TIME Malaysia

Nine Australians Who Stripped at a Grand Prix Race in Malaysia Have Been Freed Without Charge

Mohd Rasfan—AFP/Getty Images Australian men who were arrested for stripping down after Sunday's Malaysian Grand Prix arrive at the Majistret court in Sepang, outside Kuala Lumpur on Oct.6, 2016.

Their defense lawyer said the court accepted his argument that the men were ignorant of the local culture and remorseful

(KUALA LUMPUR, Malaysia) — Nine Australians charged after stripping down to skimpy swimsuits at the Malaysian Formula One Grand Prix walked free Thursday without a conviction after pleading guilty to causing a public nuisance and apologizing.

The nine were detained Sunday after they partied in Budgy Smuggler-brand swimsuits decorated with the Malaysian flag and drank beer from shoes in full view of thousands of spectators at the Sepang track after Australian driver Daniel Ricciardo won the race.

Budgy smuggler is Australian slang for a tight swimsuit worn by men, and the drinking out of a shoe was done to honor Ricciardo, who drinks out of his shoes to celebrate winning.

Defense lawyer Muhammad Shafee Abdullah said the court accepted his argument that it was a trivial offense and that the nine, dressed in suits in the court, were ignorant of the local culture and remorseful. He said one of them read out an apology to the court, admitting to an “error of judgment.”

Shafee said their actions were not illegal in most countries, including Australia.

“We are sensitive about it but they didn’t know. They sincerely thought it was a respect and a celebration with Malaysians,” Shafee said.

“The court accepted my mitigation that this was a trivial offense and under extenuating circumstances because they misunderstood the local culture. They have been admonished by the court and released without conviction,” he added.

He said one of the men fainted in court briefly due to dehydration.

The nine, mostly Sydney University graduates in their 20s, left the court without speaking to reporters. The men included Jack Walker, an adviser to Australian Defense Industry Minister Chris Pyne.

His father John Walker said they were very thankful.

“There’s no charge, there’s no fine and the boys apologized. They recognized what they did was unacceptable but they have been completely cleared and are free to travel and resume their lives,” he said.

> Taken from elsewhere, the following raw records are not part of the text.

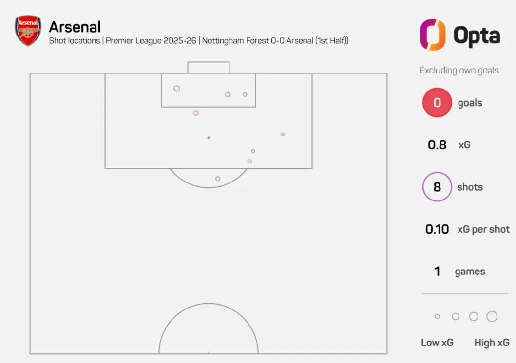 Opta统计,阿森纳在上半场对诺丁汉森林的比赛中有8脚射门,但没有一脚射正,这是2019年12月阿尔特塔上任后执教的首场英超比赛以来(对伯恩茅斯,上半场9次射门),上半场射门次数最多但没有1次射正的情况(只算英超比赛)。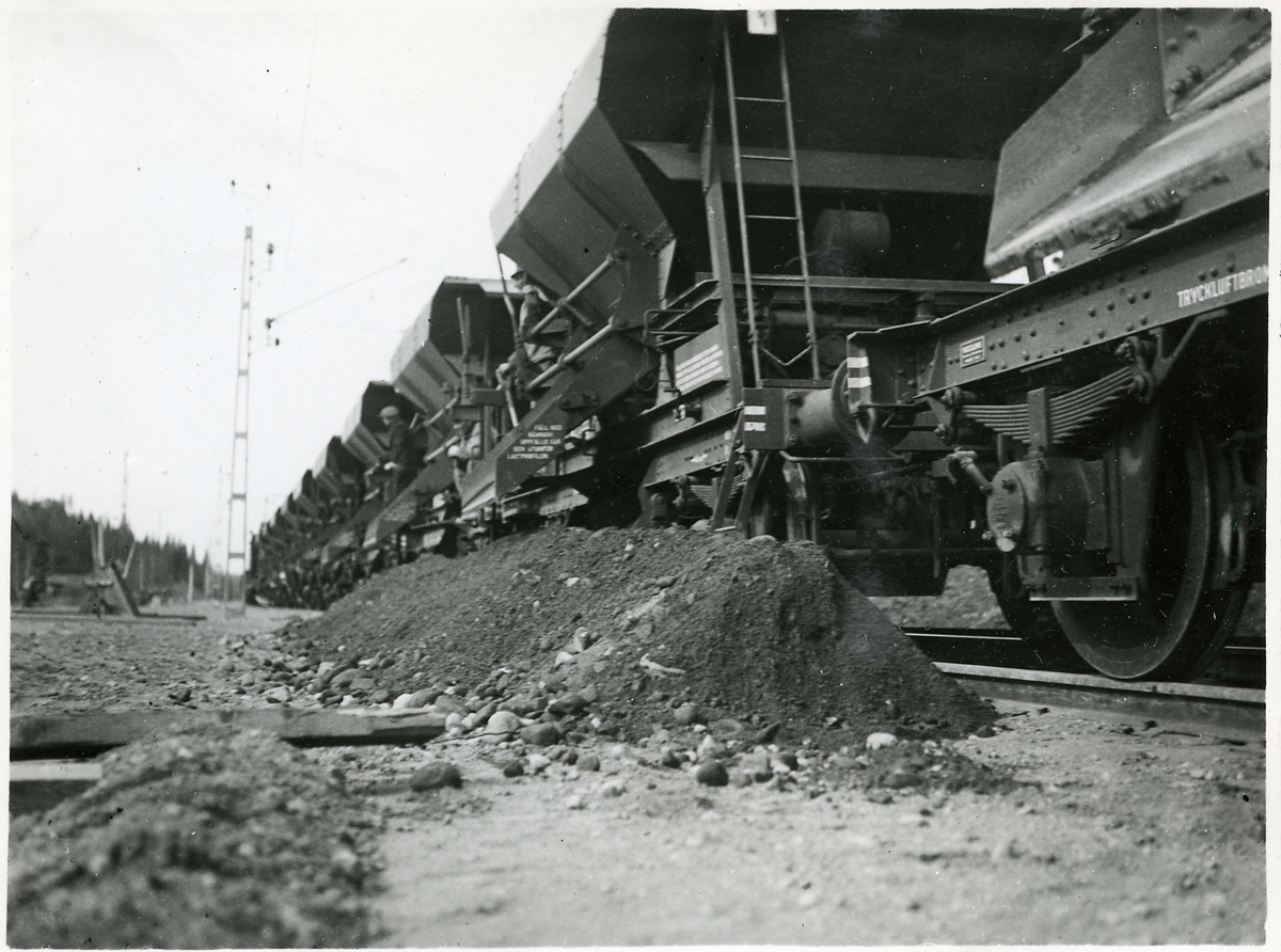 Titel: På linjen mellan Järna och Katrineholm. Grussträng som uppstår när vagnarna plogar upp grus.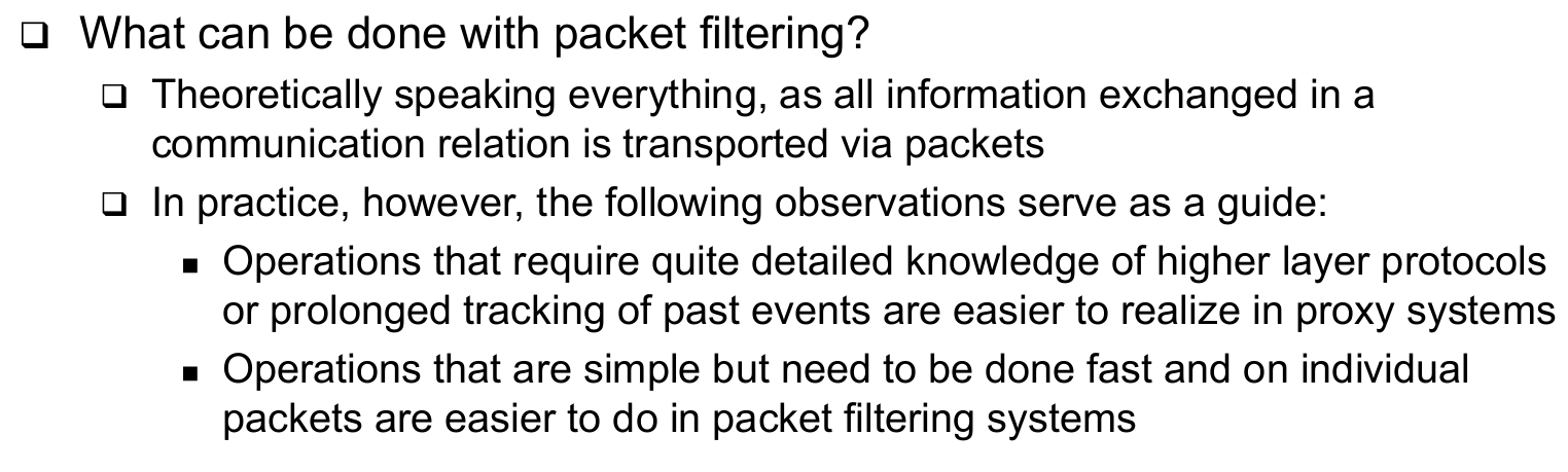 | Firewalls: Packet Filtering (What can be done with packet filtering) | |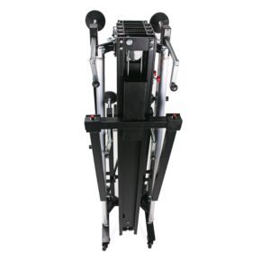 Nuovo e robusto elevatore frontale a torre, molto potente e versatile da usare, particolarmente adatto al sollevamento di sistemi line-array, strutture truss molto pesanti e schermi a LED. Prodotto semplice da trasportare, nonostante la mole, grazie alle ruote inserire nella base e di facile impiego anche su superfici irregolari. Il sistema di elevazione è quello tradizionale con verricello WCH e funi in acciaio. I piedi della base hanno ciascuno un’ampia regolazione indipendente che rende più agevole il posizionamento anche su superfici inclinate o irregolari. Prodotto con certificazioni [CE 89/392 EWG] [BGV C1, BGG 912].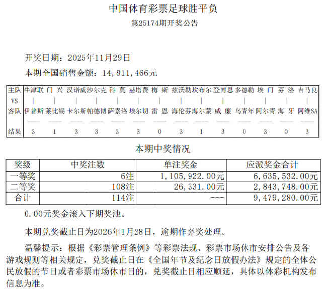 北京时间11月29日,胜负彩第25174期开奖结果揭晓。本期足彩头奖仅开出6注,单注奖金1,105,922元;二等奖开出108注26331元;任九开925注11229元。本期胜负彩销量为14,811,466元,任九投注总额为16,230,216元。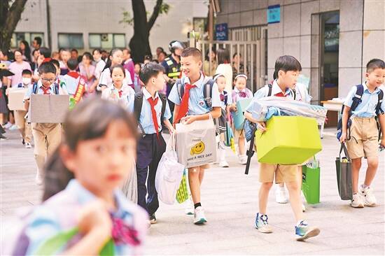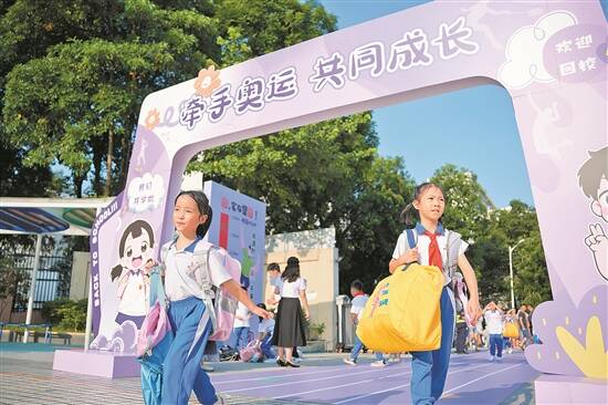 羊城晚报记者 何宁 王沫依 蒋隽 崔文灿 9月2日,广州全市3839所中小学幼儿园开学,253.57万名学生开启新学年。不少学生发现,不管是硬件设施还是教材,都焕然一新。与此同时,各所学校都准备了好玩有趣的游戏环节,让同学们快乐开启新学期。 新学年:学校开启各具特色的“第一课” 在广州市天河区汇景实验学校开学仪式上, 特色活动“赤心向党,赓续前行——赤心国旗护卫队入校开展开学第一课”成为典礼的亮点,这是一支由天安门仪仗队和国旗班退役人员组成的专业团队。活动展示了2023年9月1日在天安门广场升起的国旗,退役队员深情讲述关于它背后的故事。 华南师范大学附属小学为一年级新生们举行了开笔礼。孩子们整齐地排列着,他们认真地整理自己的衣冠,不仅仅是对外表的打理,更是对心灵的洗礼,正衣冠代表着对学习的尊重与期待。朱砂开智环节,老师们用笔蘸着朱砂,在孩子们的额头上轻点一颗红痣,象征着开启智慧之门,让智慧的光芒照亮他们的学习之路。 广大附小开学第一课主题为“牵手奥运,共同成长”。记者在二年级5班教室看到,师生们热烈讨论着暑假观看奥运会的感受。林意桐同学表示,她印象深刻的是乒乓球比赛,她被樊振东顽强拼搏的精神所感动,“我也要像奥运冠军那样为了自己的梦想坚持不懈。” 在小北路小学,巴黎奥运会跆拳道49公斤级亚军郭清“空降”现场,分享自身经历,鼓励孩子们遇到困难时“永远要坚持下去”;广州市培文外国语学校则在校长樊瑞的带领下用火炬传递的形式开启新学期大幕,让阳光奋进的精神洒满校园。 新“硬件”:上新校区、更新设施,各区“大显身手” 据悉,新学年有不少区纷纷增加优质学位。记者从白云区教育局了解到,今年秋季新学期白云区共将新启用8所幼儿园以及5所义务教育阶段学校(校区),共新增超万个优质学位。其中今年复办的颜乐天纪念中学将提供初高中共计514个公办学位,黄边小学则开办了第三个校区——乐得校区,一年级计划招收6个班级共270名学生。 海珠区今年上新了一所小学——广州市海珠区宝玉直实验第二小学,首批92名一年级新生昨日迎来了开学。 广州汇景实验学校的华园校区也于今年9月迎来第一批学生。新校区位于天河区东莞庄路239号,占地面积18000多平方米,是一所九年一贯制学校,可为周边社区提供优质学位1680个。2024学年在一年级和七年级各开设四个班,共计在读311名学生。 黄埔区新开办公办学校(校区)共有6所,新增优质学位超过1万个。这些学校包括黄埔军校纪念中学北校区、苏元学校东校区、新港小学南校区、铁铮学校东校区、开元学校西校区、夏园小学新校区、华南师范大学附属中学知识城小学、黄埔区实验小学等。 花都区迎来广州市第六中学第三个校区——花都校区初中部,此外还上新了广州市花都区空港学校小学部、广州市花都区邝维煜纪念中学附属小学、广州市花都区新华四小附属珑华小学、广州市花都区新雅街尚雅小学(清潭校区)等校。 今年9月南沙区将新开办3所公办小学,分别为华南师范大学附属南沙凤亭小学、广州市南沙区东盛小学和广州市南沙区万新小学,办学规模分别为36个、48个以及30个教学班。 此外,还有学校利用暑假对原有设施进行升级,为学子们提供更好的环境。如广州市铁一中学在假期升级了番禺校区;广州市第二中学(科学城校区)对初中高中宿舍床铺、行李架等设施全部更新,规划更加科学;广州市第十六中学则将负一层空间改造成特色餐厅,原乒乓球馆将规划改造为新的立体图书馆,增设了阅读区、讨论区等多个功能区。 新“软件”:小学中学起始年级启用新教材 新学期,起始年级学生用上了“新教材”。开学首日,记者在广州大学附属小学看到,一年级学生的《道德与法治》《语文》《科学》《数学》等教材封面都注明“国家教材委员会专家委员会审核通过2024”字样。根据教育部办公厅今年7月25日发布的关于印发《2024年义务教育国家课程教学用书目录(根据2022年版课程标准修订)》的通知,根据2022年版义务教育课程标准修订的教材将于2024年秋季学期陆续投入使用。根据计划,义务教育三科统编教材将于三年内覆盖所有年级。其中,2024年秋季学期小学一年级和初中一年级使用;2025年,小学一、二、三年级和初中一、二年级使用;2026年,义务教育阶段所有年级全部完成替换。 新教材在内容上有哪些变化呢?广州大学附属小学一年级语文老师张超梅表示,从新版的一年级语文教材来看,更符合实际的学情。主要体现在以下三个方面: 一是选文发生了变化。新增加了《我爱我的祖国》《两件宝》等课文,删去了《画》《大小多少》等课文,从低年段开始加强爱国主义教育以及劳动教育。 二是延长拼音学习时间。新教材中拼音教学由两个单元调整为三个单元,教学时间比原来增加1至2周,减缓了起始阶段的学习坡度,以帮助学生更好的掌握拼音。延长了拼音学习的时间,也夯实学生的拼音基础。 三是降低了教材难度,做好幼小衔接。张超梅老师表示,新教材整体难度有所下降:“我们可以观察到课文后面本学期的识字表,由原先需要认识300个汉字、会写100个汉字,到现在的认识280个汉字、会写100个生字,一年级上册的课文从14篇减少到10篇、识字课从10课缩减至8课,整体降低难度,这让学生能够更快地适应小学生活。总体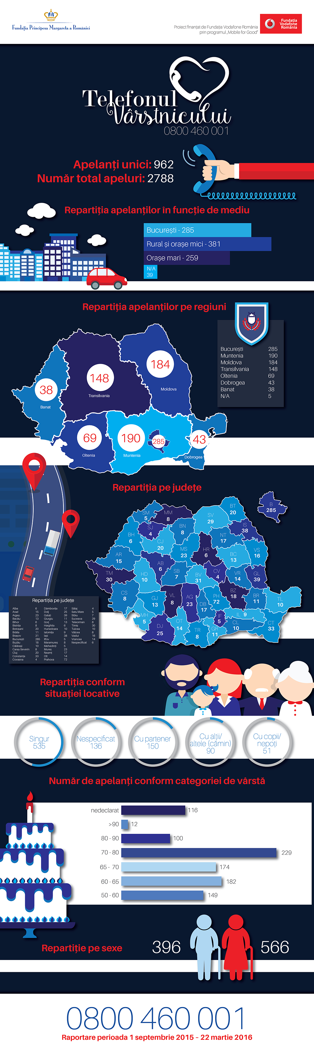 București, 5 aprilie 2016 – La șase luni de la lansare, Telefonul Vârstnicului, prima linie telefonică gratuită de informare și asistență dedicată persoanelor peste 65 de ani, operată de către Fundația Regală Margareta a României și finanțată de către Fundația Vodafone România prin programul „Mobile for Good”, a înregistrat peste 2.700 de apeluri, dintre care 962 sunt apelanți unici, proveniți din toate regiunile țării. Găsiți infografic aici.

Ricciardo, the driver whose success inspired the Australians’ beer-fueled revelry, described the incident as “pretty harmless.”

“I respect the laws of Malaysia, but beyond that I don’t think they deserve any further punishment,” Ricciardo told Sydney’s The Daily Telegraph newspaper.

“In Australia, it’s a bit different, but I’m very sure they didn’t intend to offend anyone,” he said.

Budgy Smuggler, the Sydney-based, family-owned swimsuit manufacturer, did not immediately respond to a request for comment. The company features on its website and social media photographs of customers wearing its swimwear in public locations, including in front of Westminster Palace in London and the Eiffel Tower in Paris.

The Australian media has dubbed the men the Budgie Nine, using a spelling variation of the abbreviated name of the budgerigar, a small Australian parrot. The name plays on nine Australians arrested in Indonesia for heroin trafficking in 2005 who became known as the Bali Nine.